It was historically referred to as the "Dry Canal" project. The core concept, as stated in its modern form, was first conceived and proposed in the 1980s. In May 2023, Baghdad hosted a summit which brought together transport ministers and officials from the European Union, the World Bank, GCC, Iran, Turkey, Syria and Jordan to discuss the establishment of the Development Road initiative. In April 2024, a quadrilateral memorandum of understanding on cooperation was signed by Iraq, Turkey, Qatar, and UAE. The transportation ministers from each country signed the deal. It also coincided with Turkish President Recep Tayyip Erdogan's visit to Baghdad.

=== Local achievements ===
An integrated Iraq will increase security and stability in the region.
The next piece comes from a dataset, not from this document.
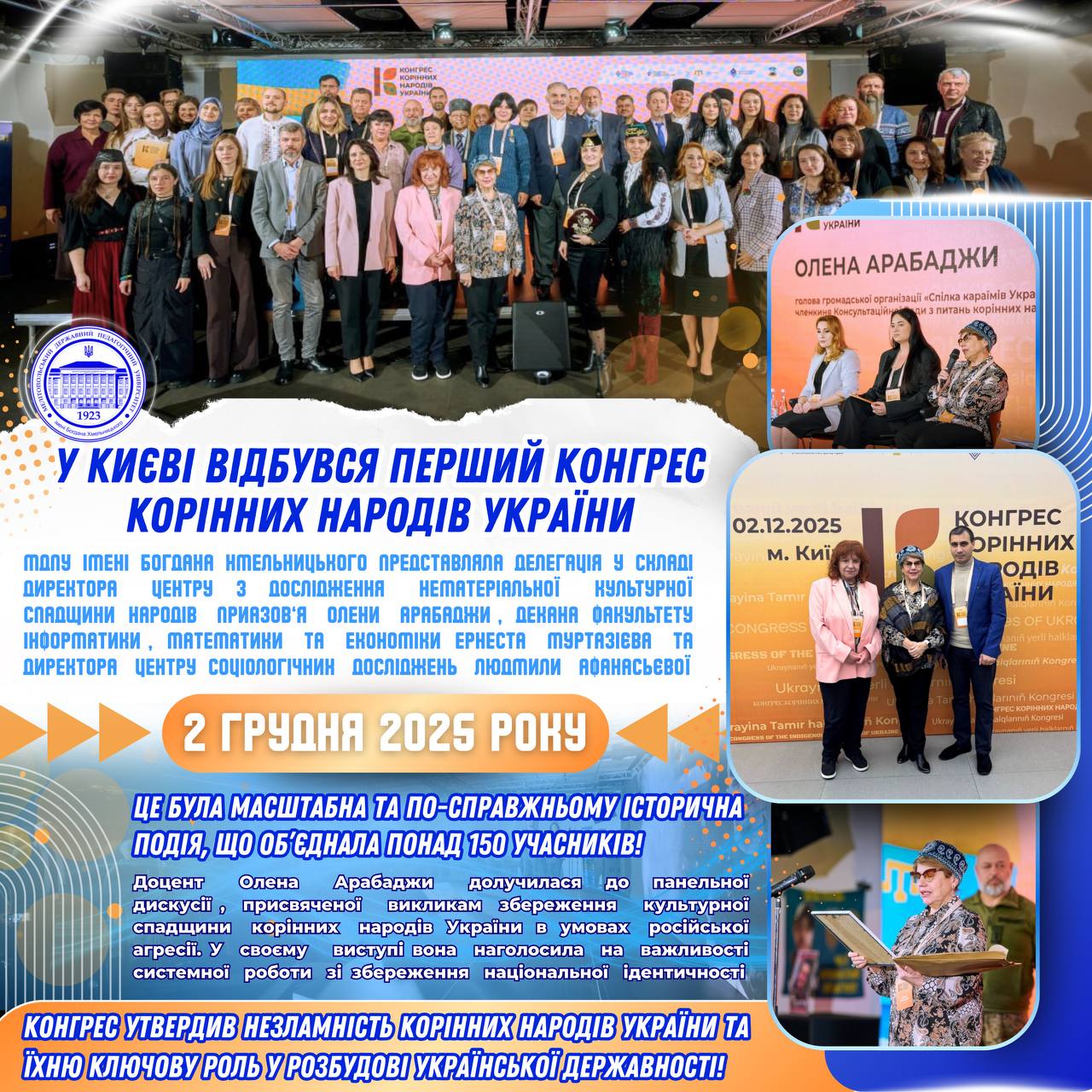 🎓⭐️У Конгресі взяла участь делегація МДПУ імені Богдана Хмельницького, до складу якої увійшли директор Центру з дослідження нематеріальної культурної спадщини народів Приазов’я Олена Арабаджи, декан факультету інформатики, математики та економіки Ернест Муртазієв та директор Центру соціологічних досліджень Людмила Афанасьєва.
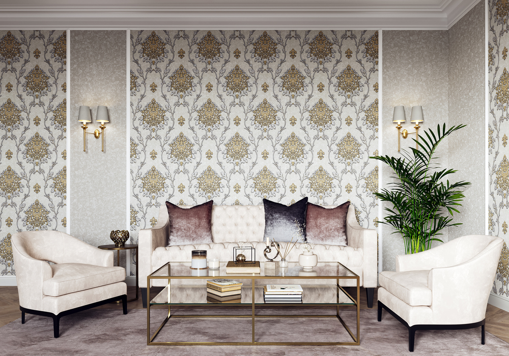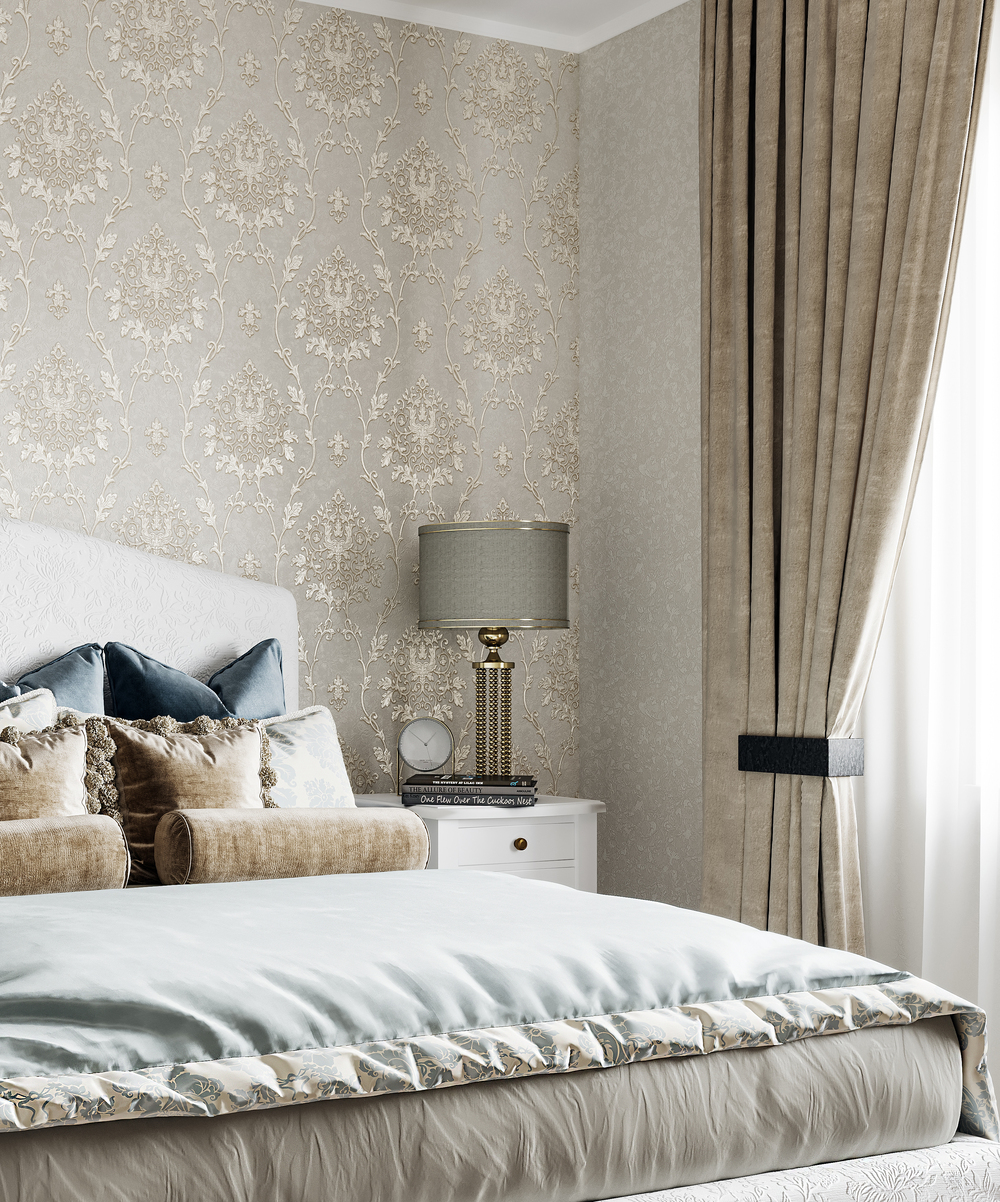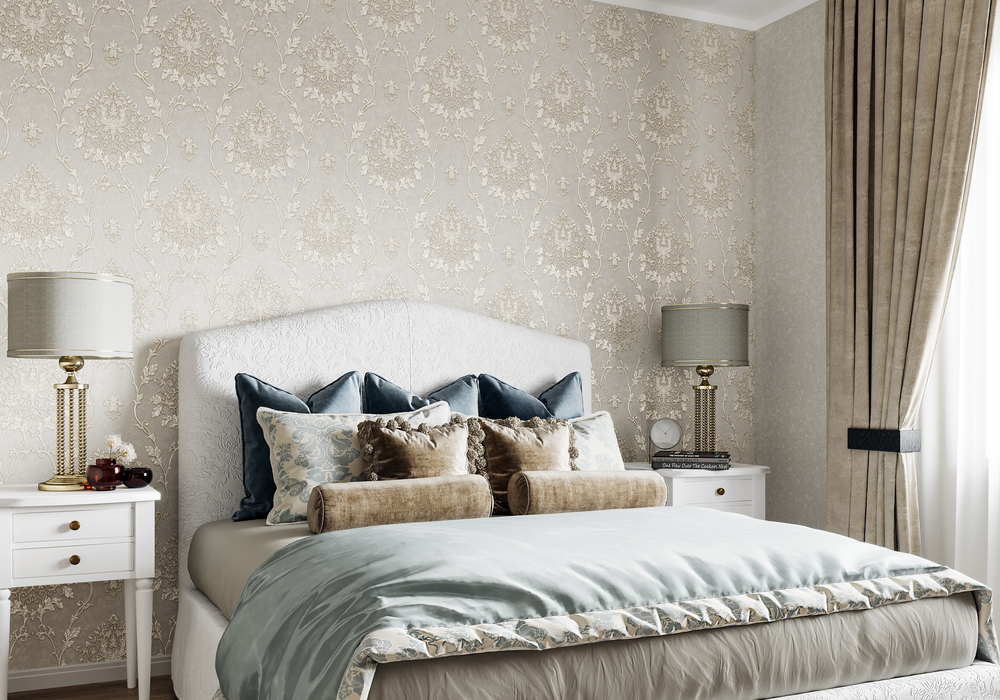 Фон обоев Zarina с приятной матовой текстурой. Он напоминает ажурную ткань. Фактура достаточно плотная и объемная, чтобы скрыть мелкие погрешности стен.

During the 2023 summit, Iraqi officials noted that
"Iraq has recovered and retrieved its pivotal political role in the region, becoming a political convergence point, the time has come for the country to retrieve its economic role".

The economy of Iraq has an oil-led growth model.

| Economic goals | Targets |
|---|---|
| Diversification | Non-oil transit by handling millions of tons of dry cargo each year |
| Job creation | Secondary industries (logistics, construction) and manufacturing (industrial hubs) |

=== Local challenges ===
The route navigates areas with complex local security dynamics, requiring coordination against localized insurgent groups. The current route sparks domestic political pushback and disputes regarding regional inclusion and funding.

=== Geopolitics (Iran, Hormuz, IMEC) ===
The region sat at a crossroads between landmasses. The Baghdad governorate was a global hub of commerce, culture, and learning, and was home to one of the most important cities on the Silk Road during the Abbasid Caliphate, which was 1,200 years ago. Could a globally integrated future for Iraq, a diversified economy, and substantial revenue growth rejuvenate the golden period?

Iraq was re-envisioned as a transit center to shorten travel time between Asia and Europe. In an attempt to compete with Egypt's Suez Canal, this route provides these Arab states of the Persian Gulf with a direct, secure land bridge to Europe. The route is expected to cut transit times between Asia and Europe by up to 11 days compared to the Suez Canal. In his final remarks, he highlighted that, "This new chapter for Iraq will revive and revamp the country’s ancient role as a key crossroads in regional and international trade. "In an entirely inland trip, a shipment from Poland to the UAE via Turkey and Iraq was completed in only 12 days. From Poland to the UAE would have taken 21 days, conducted multimodally via the Red Sea. De Pretto concluded by saying, "Today, we are not merely launching a transit system. We are celebrating a new chapter in Iraq’s journey towards prosperity, connectivity, and global relevance. The best chapters of Iraq’s history are still to be written."De Pretto pointed to the systemic resilience. Iraq could disperse risks across inland logistics networks. A single-point failure in maritime routes can halt the flow of significant resources, whereas land corridors allow for rerouting and redundancy. In De Pretto's explanation, integration could also be extended to the Middle Corridor (Trans-Caspian East–West route), positioning Iraq as a multimodal connector that could reduce transit times by 30%-40% compared to traditional sea routes.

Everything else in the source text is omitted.